Alexie, Sherman. The Absolutely True Diary of a Part-time Indian
Beah, Ishmael. Long Way Gone: Memoirs of a Boy Soldier
Dumas , Firoozeh. Funny in Farsi
Marinez, Victor. Parrot in the Oven
Shea, Pegi Deitz. Tangled Threads: A Hmong girl’s Story
Woodson, Jacqueline. If You Come Softly
Your group will discuss one of the books above and give a talk about whether you would recommend this book to the class or not. As part of this talk, each of you will have one of the following roles:
Plot and characters: Summarize enough of the plot without giving away the ending so that the class understands the major conflicts and relationships between the characters.
As part of this, choose passages that reveal the abstract/complex/dynamic qualities of the characters and the concrete actions, words, foil characters, etc. that reveal these qualities.

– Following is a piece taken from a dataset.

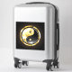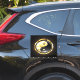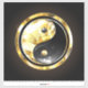 Joyería, oro y símbolo yin yang negro sobre fondo negro. Oro yin yang.
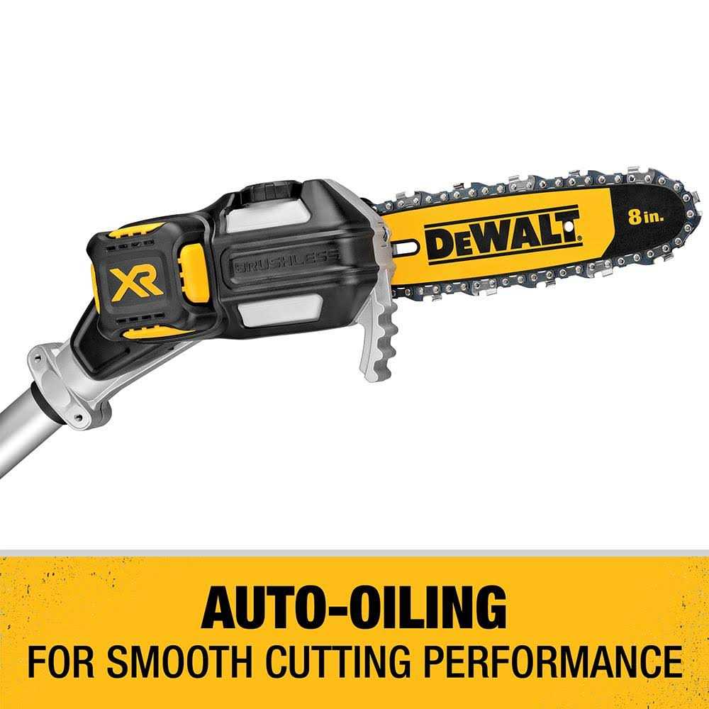 The 20V MAX XR Brushless Cordless Pole Saw comes equipped with an 8 in. bar and chain and features a high-efficiency brushless motor that delivers up to 96 cuts per charge. The well-balanced, durable pole shaft extends up to 10 ft. for a total reach of 15 ft. It has an auto oiling feature for added convenience and time savings. It also features metal bucking strips for a durable cutting grip and a tree hook allows you to easily remove pruned branches.

Investigators: Investigate the author, the geography of the setting, the culture presented, the traditions of this culture and how these differ from your own or other cultures we have read about so far. Investigate any allusions or culturally specific words/ideas that are part of the story or novel you read.
Literary luminary, connector, themes: Choose passages that you especially liked or that you thought could be more interesting and be prepared to discuss why these passages are important. Find passages from the cross-cultural readings we have done so far to compare and contrast the values and themes we have discussed (bravery, overcoming challenges, knowing illusion vs reality, danger of pride, importance of education vs faith). Which values seem universal and which seem particular to the culture of this novel or stories? Which values mirror at least two of our Groves House Rules? (Dramatize, describe, or present two real events you witnessed or heard about at Groves that matches two scenes in your novel).

You will decide in your groups how many people to assign to each category to give your group presentation. Some categories will need more students than others (the last one--with literary luminary, connector, and themes, for example—may include three students working together).